> Task to carry out:
For each entry, restate it word for word while omitting any image it holds.

> Data for processing:
=== Begin Enclosure ===
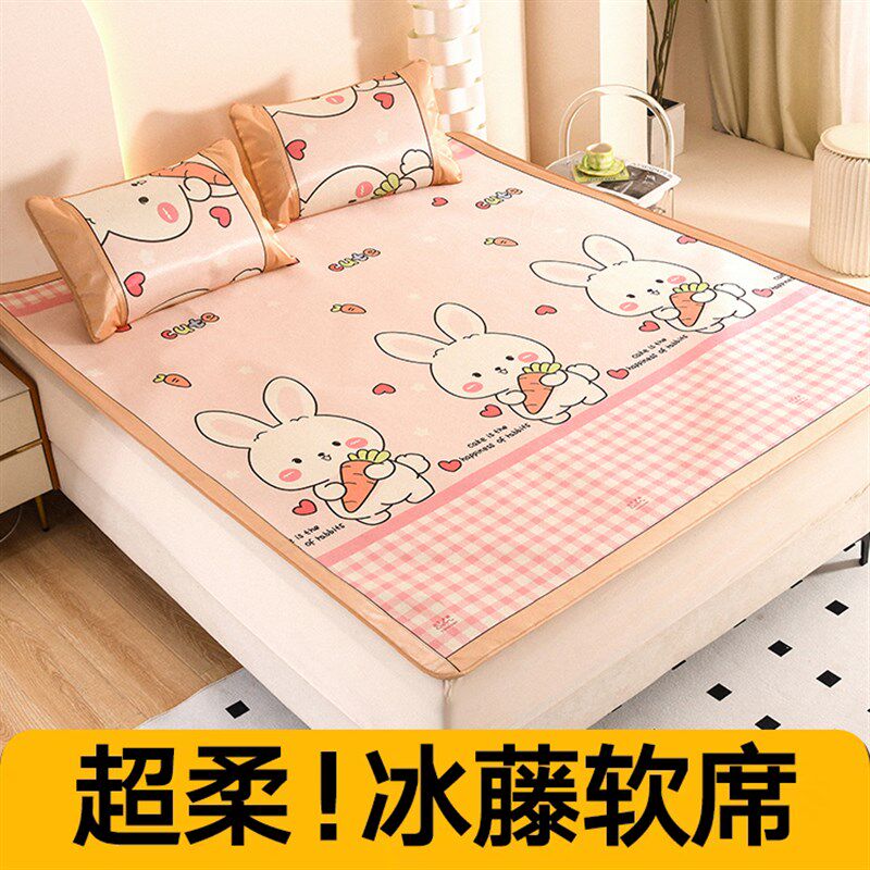 夏天卡通冰丝席三件套2026新款儿童空调席可机洗学生宿舍软凉席
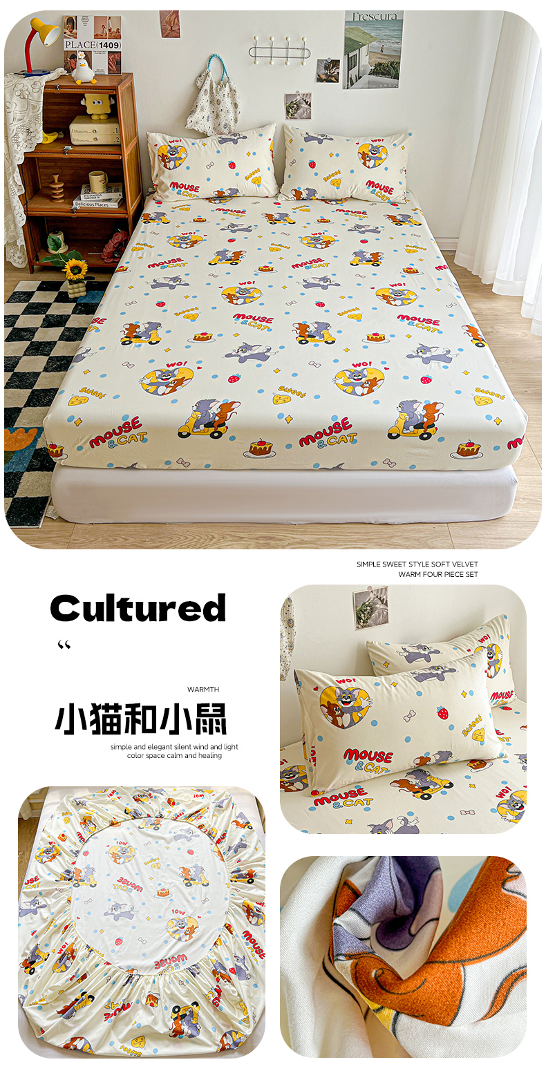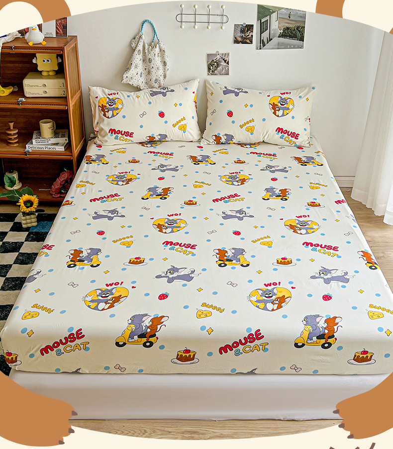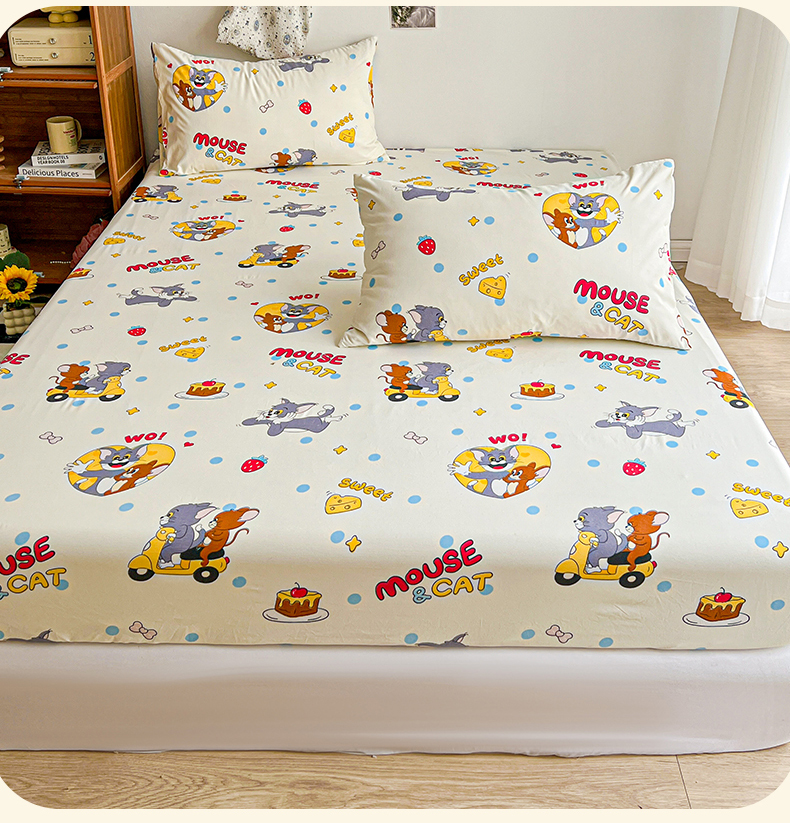 罗亿家纺 2025新款卡通水洗云朵棉110g单床笠 小猫和小鼠
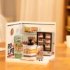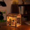[ROOM SERIES] This miniature is a part of the plastic and modular Room series. Mix and match with other rooms or stores from this series to create a stackable tower or horizontal street full of bustling stores and quaint living spaces. Each product is made of 3 boards and can be stacked horizontally, vertically, or both forming an L-shape. [AMBIENT LIGHT] Light up your room with these miniatures, which comes with lighting and a battery that is neatly hidden in plain sight. Turn on and off the switch by short pressing the button and adjust the brightness by long pressing it. [EASY ASSEMBLY] Our easiest miniatures yet, these kits are made of durable plastic and don’t require any gluing or painting. Perfect for beginners and those who want an easy build, the Super Store series make great gifts for any occasion.**ROOF & DOORS SOLD SEPARATELY**
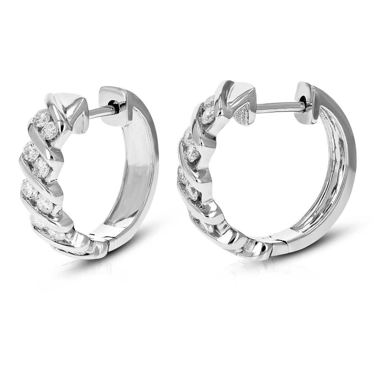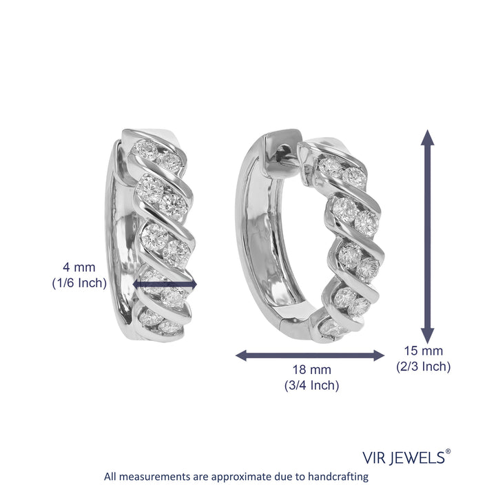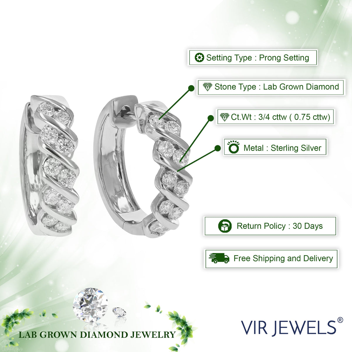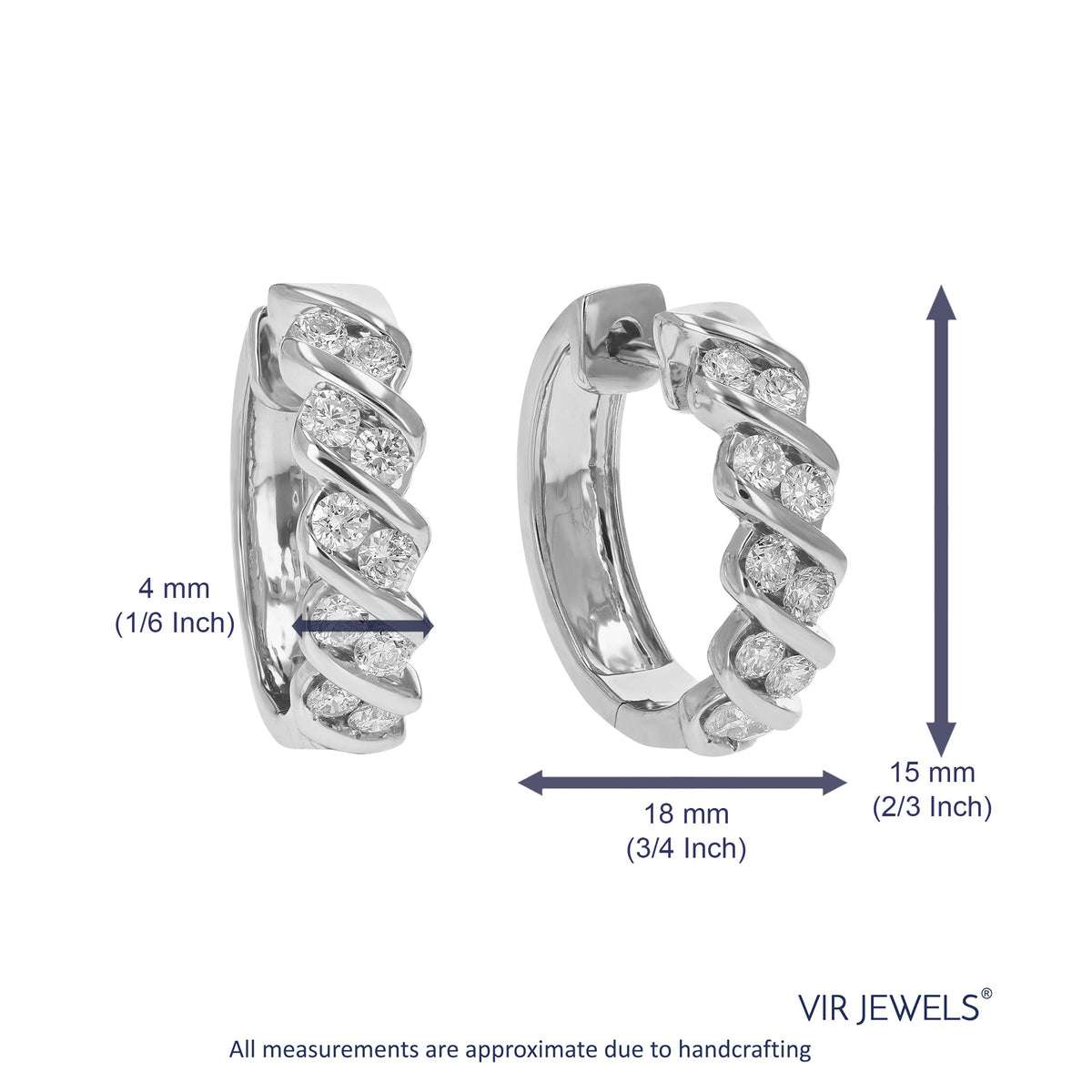 These 3/4 cttw Round Cut Lab Grown Diamond Hoop Earrings by Vir Jewels are a striking accessory that combines style and durability. The 20 round-cut diamonds are set in a channel setting, which securely holds them in place and enhances their brilliance. Crafted in .925 sterling silver, these earrings are both sophisticated and versatile. Perfect for any occasion, they offer a chic and charismatic look that can be worn with both casual and formal attire. The hoop earrings’ 18mm height and 4mm width provide a comfortable fit while making a bold statement.
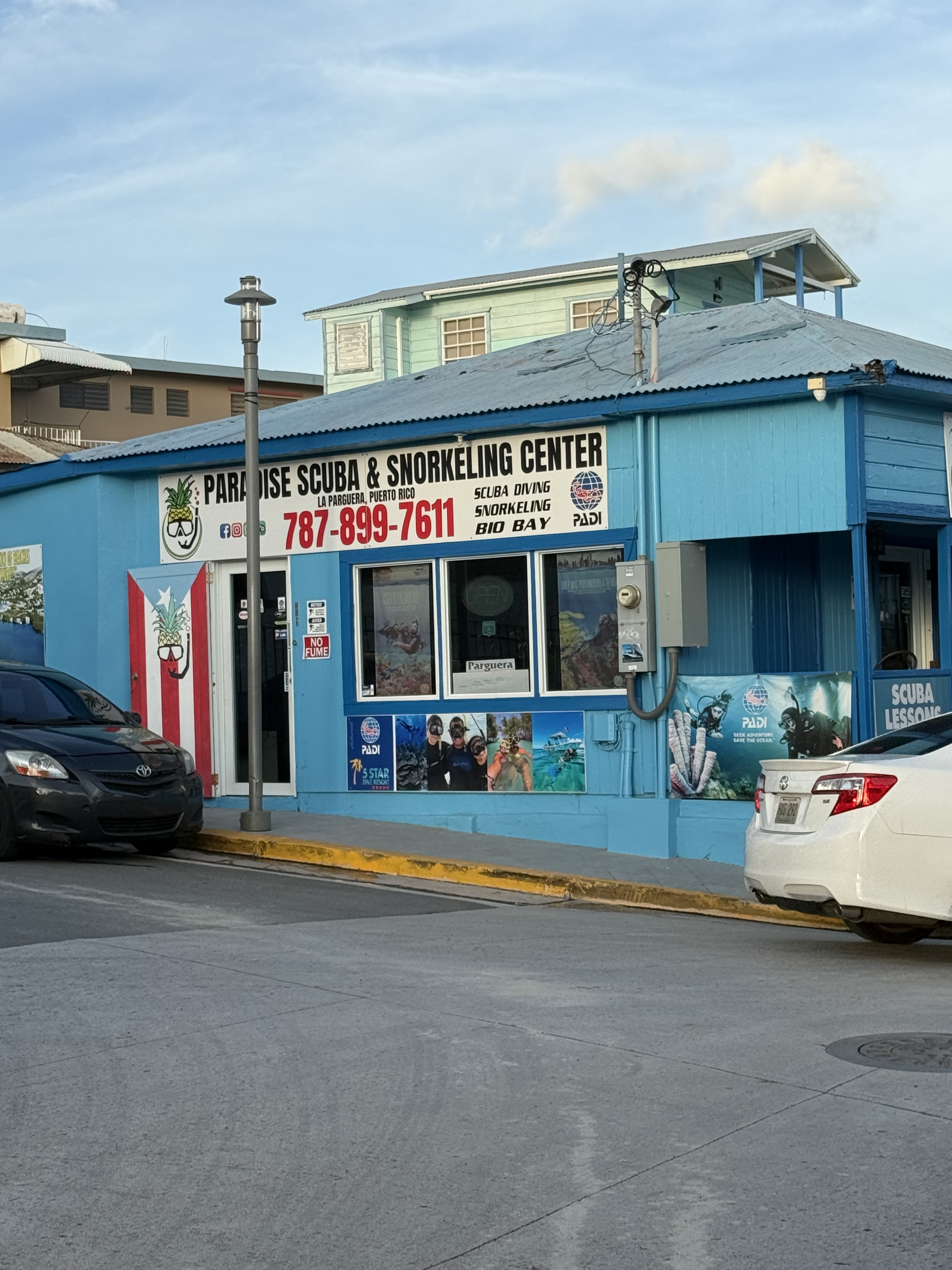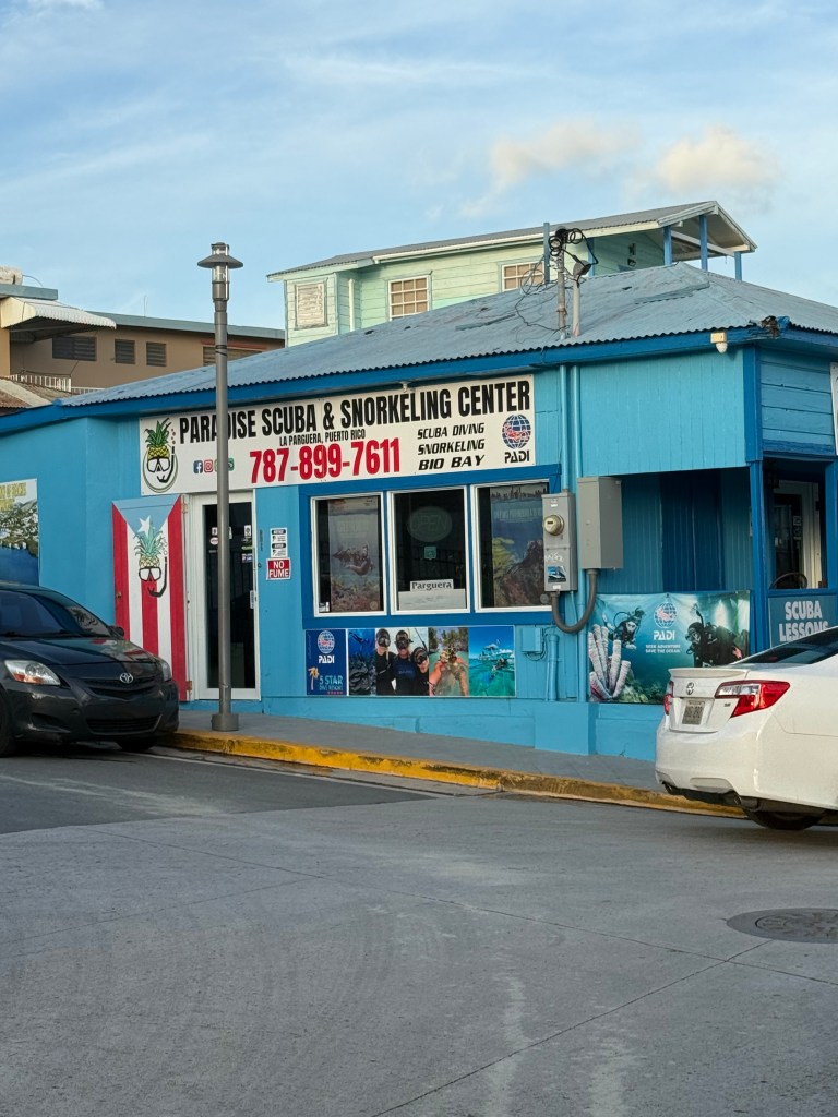 In the late afternoon, I drove to La Parguera where I had booked the Bio Bay Parguera & Sunset Snorkel with Paradise Scuba & Snorkeling Center, is a family-run, PADI-certified dive shop. One of the most famous features of La Parguera is the bioluminescent bay, where microscopic organisms called dinoflagellates emit glowing light when disturbed — and it’s one of the few in Puerto Rico where swimming is allowed in the glowing waters. Trust me – if you get the chance to go, GO!
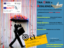 Lunedì 23 maggio, presso il Dipartimento di Scienze Politiche e Sociali (Aula 21 Marzo, Palazzo Pedagaggi), dalle 12:00 alle 14:00, si discuterà di "TRA CRISI e RESILIENZA. LA TRASFORMAZIONE DELLA PROFESSIONE GIORNALISTICA IN ITALIA E IN EUROPA". Introdurrà il seminario Rossana Sampugnaro, Coordinatore del Modulo Jean Monnet e interverranno Sergio Splendore, docente di Sociologia della Comunicazione presso l'Ateneo di Milano e autore (con Carlo Sorrentino) del libro Le vie del giornalismo. Come si raccontano i giornalisti italiani , e Alberto Cicero, Redattore del quotidiano "La Sicilia"
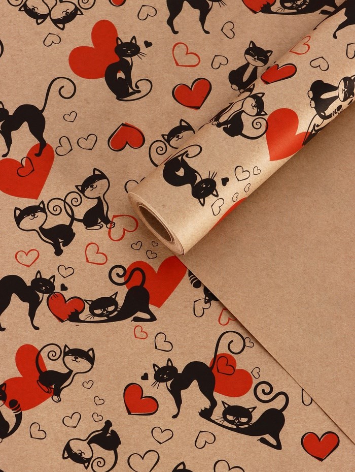 Бумага упаковочная крафт «Ля Мур», черный/красный, 0.72*10м, 60±5%гр
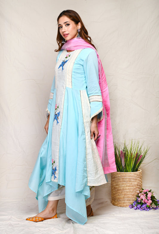 Turquoise Cotton Sequence Pattern Kurta Set With Dupatta
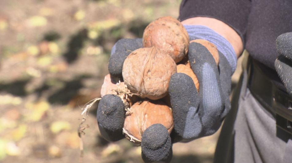 竹ざおで枝をたたいて落ちてきたのは、収穫最盛期を迎えた「クルミ」です。
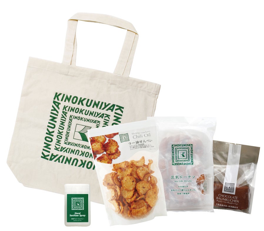 ラー油せんべい、豆乳ドーナツ、チョコレートバウムクーヘン、カード式アルコールスプレー、コットンバッグ グリーン
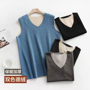双色德绒无痕背心男秋冬加绒加厚大码男士保暖背心内穿...
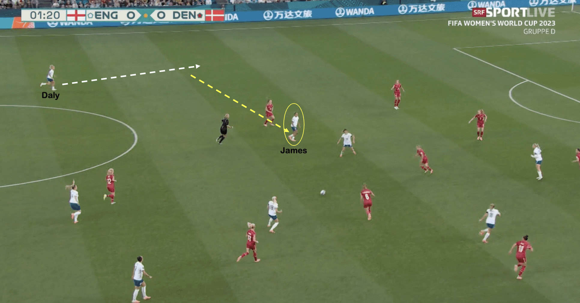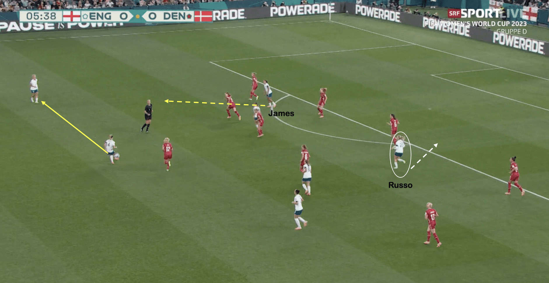 By moving centrally, James could create numerical advantages for England in the central areas of the pitch. This allowed the Lionesses to retain the ball much better and provided increased passing options. Lauren Hemp is a natural left-footer and would perhaps look to stay wider, which would keep the Danish defenders wider, whereas James’ movement infield allowed England to play short, sharp passes in tight spaces and created space down the left wing.
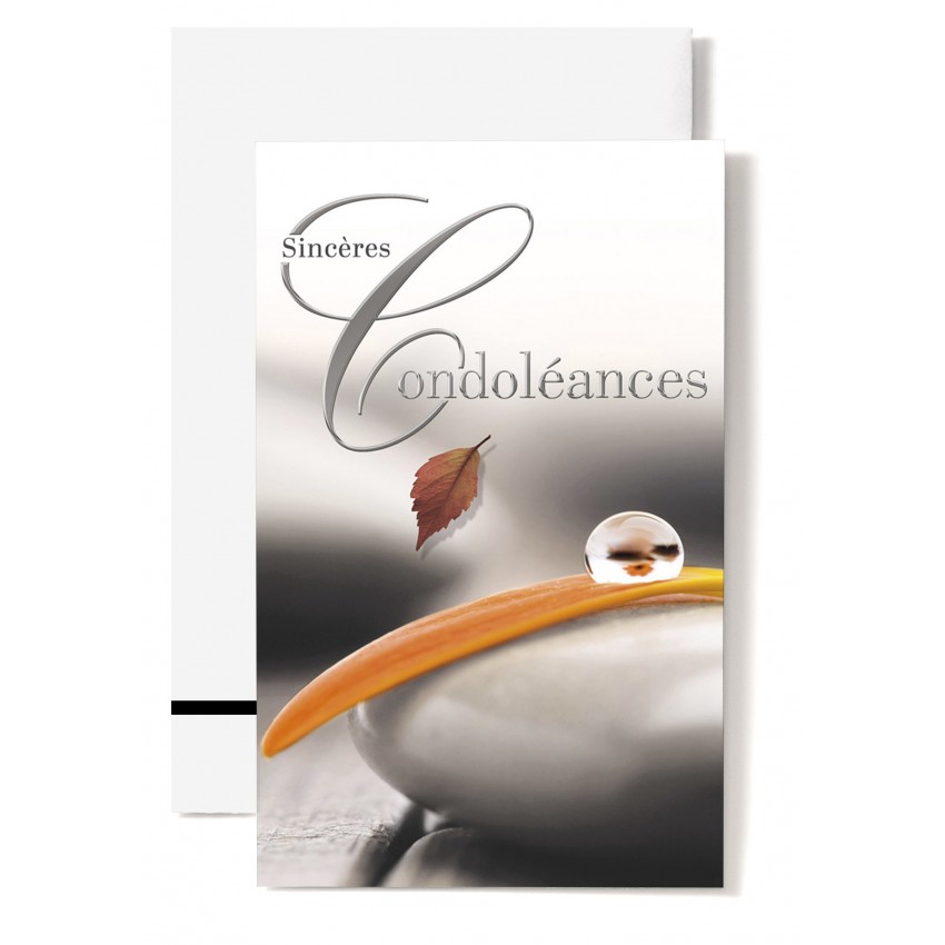 Jolie carte double de condoléance avec une goutte d'eau sur une feuille et un galet
=== End Enclosure ===
> Solution to the exercise:
 夏天卡通冰丝席三件套2026新款儿童空调席可机洗学生宿舍软凉席
 罗亿家纺 2025新款卡通水洗云朵棉110g单床笠 小猫和小鼠
[ROOM SERIES] This miniature is a part of the plastic and modular Room series. Mix and match with other rooms or stores from this series to create a stackable tower or horizontal street full of bustling stores and quaint living spaces. Each product is made of 3 boards and can be stacked horizontally, vertically, or both forming an L-shape. [AMBIENT LIGHT] Light up your room with these miniatures, which comes with lighting and a battery that is neatly hidden in plain sight. Turn on and off the switch by short pressing the button and adjust the brightness by long pressing it. [EASY ASSEMBLY] Our easiest miniatures yet, these kits are made of durable plastic and don’t require any gluing or painting. Perfect for beginners and those who want an easy build, the Super Store series make great gifts for any occasion.**ROOF & DOORS SOLD SEPARATELY**
 These 3/4 cttw Round Cut Lab Grown Diamond Hoop Earrings by Vir Jewels are a striking accessory that combines style and durability. The 20 round-cut diamonds are set in a channel setting, which securely holds them in place and enhances their brilliance. Crafted in .925 sterling silver, these earrings are both sophisticated and versatile. Perfect for any occasion, they offer a chic and charismatic look that can be worn with both casual and formal attire. The hoop earrings’ 18mm height and 4mm width provide a comfortable fit while making a bold statement.
 In the late afternoon, I drove to La Parguera where I had booked the Bio Bay Parguera & Sunset Snorkel with Paradise Scuba & Snorkeling Center, is a family-run, PADI-certified dive shop. One of the most famous features of La Parguera is the bioluminescent bay, where microscopic organisms called dinoflagellates emit glowing light when disturbed — and it’s one of the few in Puerto Rico where swimming is allowed in the glowing waters. Trust me – if you get the chance to go, GO!
 Lunedì 23 maggio, presso il Dipartimento di Scienze Politiche e Sociali (Aula 21 Marzo, Palazzo Pedagaggi), dalle 12:00 alle 14:00, si discuterà di "TRA CRISI e RESILIENZA. LA TRASFORMAZIONE DELLA PROFESSIONE GIORNALISTICA IN ITALIA E IN EUROPA". Introdurrà il seminario Rossana Sampugnaro, Coordinatore del Modulo Jean Monnet e interverranno Sergio Splendore, docente di Sociologia della Comunicazione presso l'Ateneo di Milano e autore (con Carlo Sorrentino) del libro Le vie del giornalismo. Come si raccontano i giornalisti italiani , e Alberto Cicero, Redattore del quotidiano "La Sicilia"
 Бумага упаковочная крафт «Ля Мур», черный/красный, 0.72*10м, 60±5%гр
 Turquoise Cotton Sequence Pattern Kurta Set With Dupatta
 竹ざおで枝をたたいて落ちてきたのは、収穫最盛期を迎えた「クルミ」です。
 ラー油せんべい、豆乳ドーナツ、チョコレートバウムクーヘン、カード式アルコールスプレー、コットンバッグ グリーン
双色德绒无痕背心男秋冬加绒加厚大码男士保暖背心内穿...
 By moving centrally, James could create numerical advantages for England in the central areas of the pitch. This allowed the Lionesses to retain the ball much better and provided increased passing options. Lauren Hemp is a natural left-footer and would perhaps look to stay wider, which would keep the Danish defenders wider, whereas James’ movement infield allowed England to play short, sharp passes in tight spaces and created space down the left wing.
 Jolie carte double de condoléance avec une goutte d'eau sur une feuille et un galet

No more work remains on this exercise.